Окинув взглядом сад, Александра констатировала, что куст кольквиции у входа на участок надо подровнять. Он вырос выше, чем такой же с левой стороны от ворот.

Еще с тех пор, как Александра с родителями переехала в Швецию из Польши, она мечтала о том, чтобы иметь мойку у окна, откуда открывался бы вид на сад.

Здесь она проводила долгие часы. Иногда ее охватывала паника, когда она понимала, что простояла так слишком долго. С другой стороны, это было единственное место, где она могла расслабиться и отключиться. Свой чай она часто выпивала, стоя возле мойки. На окне росли приправы. Они были светолюбивыми, как и сама Александра, и она с наслаждением вдыхала запах базилика, орегано, шнитт-лука и петрушки. В саду росли другие приправы и цветы, там она могла часами бродить по шуршащим гравиевым дорожкам – пока кто-нибудь не отвлекал ее.

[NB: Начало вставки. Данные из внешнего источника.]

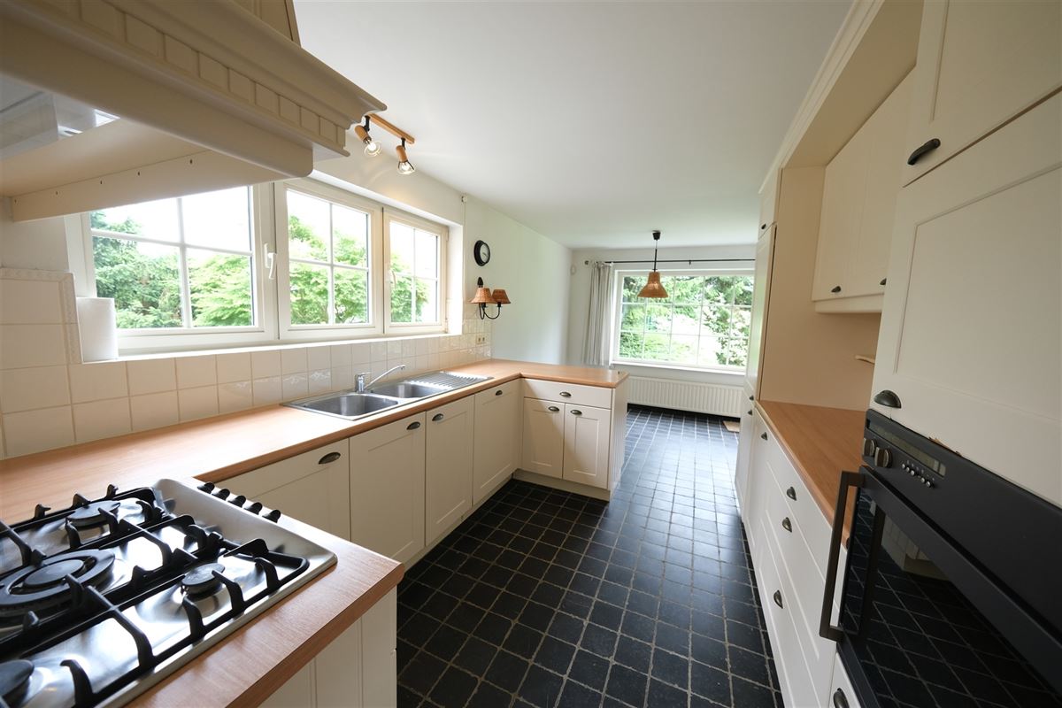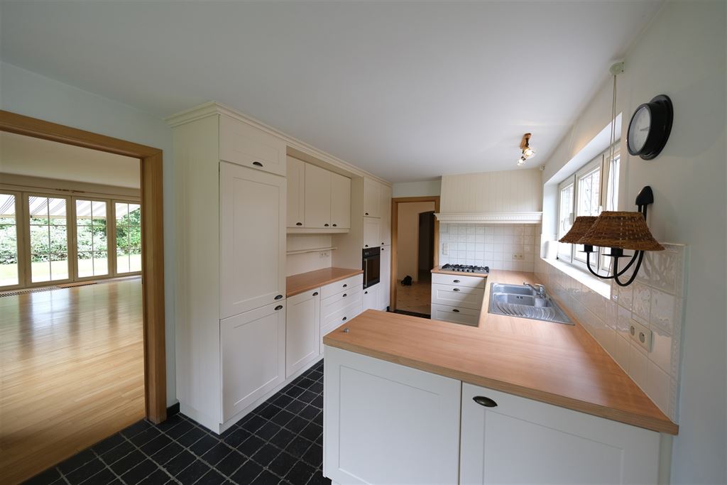 Everberg op de grens met Tervuren: Charmante goed georiënteerde villa (ZW) met mooie privatieve tuin, rustig gelegen in een doodlopende straat, op 3km van de British School en op 4km van de Deutsche Schule en de American School (vervoer met schoolbussen). Woonoppervlak 350m² op 10 are grond, 5 slaapkamers, 2 badkamers, 2 douchekamers,3 WC, ruime living met bureel en open haard, zonnetent boven terras, ingerichte keuken met ontbijthoek en zonnetent, polyvalente hobby-room, sauna, wasruimte, provisiekelder, ruimte met nieuwe Viesmann condensatie gasketel met Energie Efficiëntie A, Garage voor 2 auto's, ruime geïsoleerde zolder, Alarmsysteem, Waterverzachter, Regenwaterput, verduisterende gordijnen, EPC cat. B, tuinonderhoud in prijs inbegrepen.

Сейчас ее взгляд упал на грязные оконные рамы. Она принялась усиленно тереть их посудной тряпкой, но краска уже местами отстала и становилось только хуже. К тому же снаружи все равно не видно.

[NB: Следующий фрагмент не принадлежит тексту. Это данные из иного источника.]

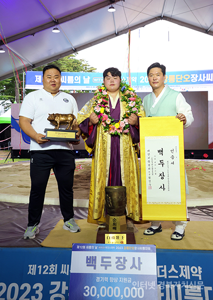 2°¸ª´Ü¿ÀÀå»ç¾¾¸§´ëȸ¡¯ ¹éµÎÀå»ç(140kgÀÌÇÏ)¿¡ µî±ØÇÑ ±è¹ÎÀç(¿µ¾Ï±º¹Î¼Ó¾¾¸§´Ü)°¡ ±è±âÅ °¨µ¶(¿À¸¥ÂÊ), À±Á¤¼ö ÄÚÄ¡(¿ÞÂÊ)¿Í ±â³ä»çÁøÀ» Âï°í ÀÖ´Ù.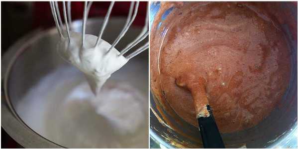 - Получившуюся меренгу вводим в шоколадную массу и перемешиваем аккуратными складывающими движениями снизу вверх до однородного состояния.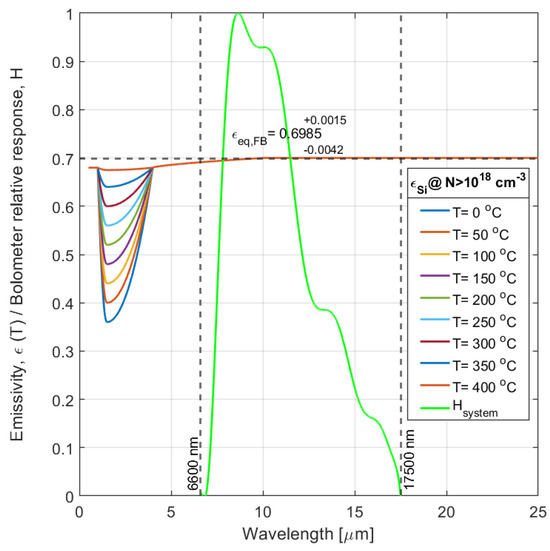 Bolometric measurement of the wafer surface temperature profile has been generally applied during silicon microfabrication. Therefore, data on the spectral emissivity of silicon, , is important and results on characterization efforts on is available in literature [28,29,30]. This information is used for constructing the curves shown in Figure 2.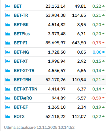 Bursa de Valori București (BVB) a început ședința de miercuri pe verde, cu majoritatea indicilor principali în creștere. Optimismul investitorilor a fost resimțit încă din primele minute ale tranzacțiilor, pe fondul apetitului pentru acțiuni din sectoarele cheie ale pieței. Titlurile companiilor cu lichiditate ridicată au înregistrat creșteri ușoare, conturând o deschidere pozitivă, iar investitorii au dat semnale de încredere pentru continuarea zilei.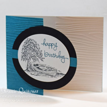 Moon Lake is a great stamp for masculine cards. For this birthday card, I cut the Island Indigo card base at 5-1/2″ x 8″, scored it at 2-3/4″ and embossed the front of it. I placed the 5-1/2″ x 4-1/4″ Whisper White cardstock inside right on top of card base and embossed half of it to leave room for the inside sentiment. I used …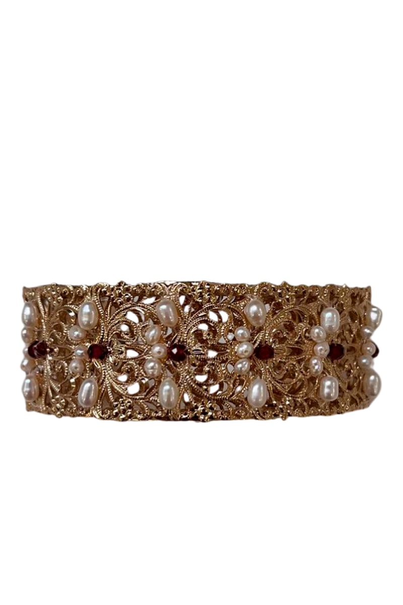 Manchette dorée à l’or fin jaune sertie de perles de culture d’eau douce et de cristaux.

Зато она отметила, что сад прекраснее, чем когда бы то ни было, и испытала легкое чувство гордости.

По крайней мере, кое-что ей в этой жизни удается. Она оторвала парочку увядших листиков базилика.

После долгих летних дождей все растения бурно расцвели, но потом пришла жара, и многие начали засыхать. Однако ей удалось сохранить зелень свежей. Целыми днями она поливала свой сад. Гортензии выглядели роскошнее, чем когда-либо, хотя этим цветам нужен самый обильный полив. Они нуждались в ней – возможно, именно поэтому она так любила их.

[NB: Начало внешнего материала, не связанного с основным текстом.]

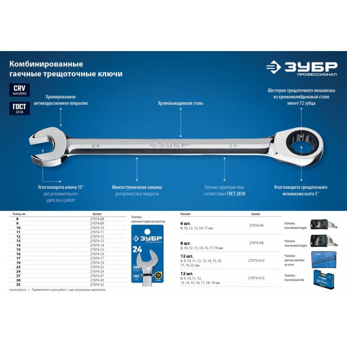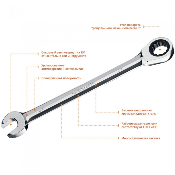 Ключ гаечный комбинированный трещоточный 24 мм Профессионал ЗУБР 27074-24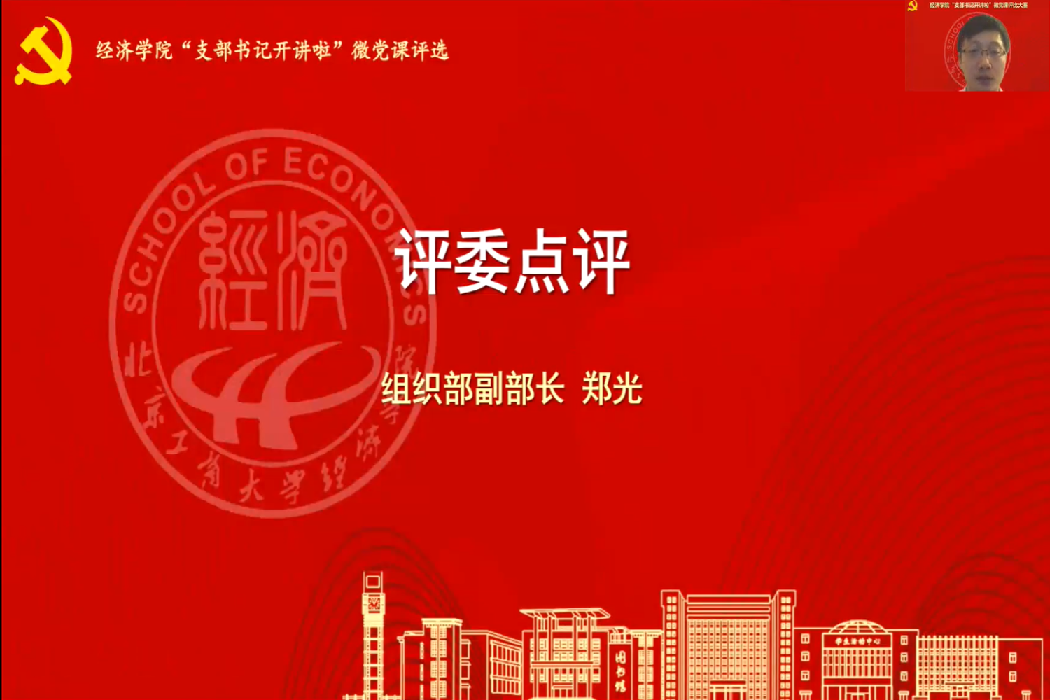 六個支部書記展示結束后,鄭光對微黨課進行點評。他表示,微黨課評比這種創新形式既克服了傳統理論知識學習所存在的枯燥問題,更豐富了學生支部建設的活動形式,是一次成功的、值得推廣的良好模式。每位同學的微黨課都足見功夫,體現了學生黨員的先進性與模范作用。希望經濟學院和各學生黨支部能繼續深化活動效果,不斷加強組織建設和理論學習,取得更大成績。

Марта играла с газонным опрыскивателем. Придя из школы, она первым делом надела на себя купальник. Хотя у них был свой бассейн, опрыскиватель привлекал ее больше. Вероятно, потому, что с ним она могла играть сама, а не под присмотром кого-либо из взрослых.

Звук мотора нарушил тишину, и Беа врезалась на своем мопеде прямо в ворота, хотя Александра бессчетное множество раз просила ее так не делать: на белом заборе оставались следы, к тому же расшатывались столбы. Шлема на ней тоже не было. Александра тихо выругалась.

Злость всегда накатывала так внезапно – немного требовалось, чтобы она хлынула через край. Но она не будет ругаться с Беа по этому поводу. Во всяком случае, не сейчас. У нее нет сил на ссоры. А что, если бы с ней что-нибудь случилось? Если бы ее сбила машина? На сотую долю секунды она попыталась представить свои чувства. Облегчение? Мгновенно отогнав эту мысль, она устыдилась, что вообще позволила ей промелькнуть в мозгу.

Она посмотрела на старшую дочь – такую высокую и стройную. Тело упругое, мускулистое. Александре хотелось бы, чтобы дочь не одевалась так вызывающе, – она не решалась даже подумать о том, как отреагировали бы ее родители, увидев внучку в таком коротком комбинезоне. Вместе с тем, Александра понимала, что их терпение и так на пределе – учитывая, какую жизнь выбрала она сама.

Беа достала мобильный телефон и стала разговаривать по нему. Александре очень хотелось узнать, кому звонит Беа, – иметь хоть какое-то представление о том, кто это может быть.

Разговаривать друг с другом они перестали уже давно. Несколько раз она пыталась пообщаться с Беа, но дело всегда заканчивалось тем, что они начинали орать друг на друга.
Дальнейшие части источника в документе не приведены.